斜里町は、人口14,000人の小さな町である。シャリと言う名前もアイヌ語の「シャリsari 葦原」の意味から来ている。現在広がっている広大な斜里平野も大昔は海だったという。

江戸時代から斜里は注目されていた地域であることが様々な文献に残されている。その注目された理由は、日本の近代化に欠かせない資源に寄るところが大きかった。

明治、大正時代は木材景気。木材がなくなった平野では澱粉の生産、昭和になると知床半島の硫黄の産出。この街の発展は日本の近代化に沿っての発展であったと思う。

戦後の高度経済成長の恩恵として斜里とウトロの道路が開通した頃から斜里の大きな産業に加わることとなる「観光」がクローズアップされた。

昭和35年(1960)に知床を舞台とした映画「地の涯に生きる者」のヒットから一躍全国的に有名になり、知床ブームが始まった。大挙して押し寄せる観光客。さらに知床が国立公園に指定され、「知床旅情」がヒットして知床の名前は全国区になっていった。

年間170万人の観光客を受け入れるのは斜里町ウトロである。ウトロの人口は斜里町全体の一割。

最近では「知床」と言う名前の方が先行する事も多く、駅名も「しれとこ斜里駅」と変更をした。2005年(平成17)7月に世界自然遺産に知床が指定されてからはさらに注目が高まり、さらに多くの人が訪れる地域となるだろう。

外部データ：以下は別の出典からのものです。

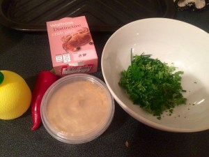 Taking a pot of red ticket crab pate.. Yup crab pate.. A chilli and some garden Greek basil, lemon juice and parsley..

斜里の街は、ほかの地域が抱えている問題と同じく、中心市街地が空洞化する状態が続き、その対策に知恵を出し合っている。

しかし、斜里には豊かな自然と深くつながりのある広大な農地があり、また、オホーツク海の恵みも享受できる環境がある。この環境を守っていくことでこの街の将来展望は広がっていると思う。

ウトロへの通過点ではなく、通過することに価値ある景観づくり、さらには知床へ集中する人の流れを、ゆったりと広がる山麓、田園風景へと誘い込む動きも生まれている。

数々の産業発展の歴史を見てきた斜里の街は、次のステージとして「みどりと人間の調和」をめざしたまちづくりに向けて動き出している。(さ)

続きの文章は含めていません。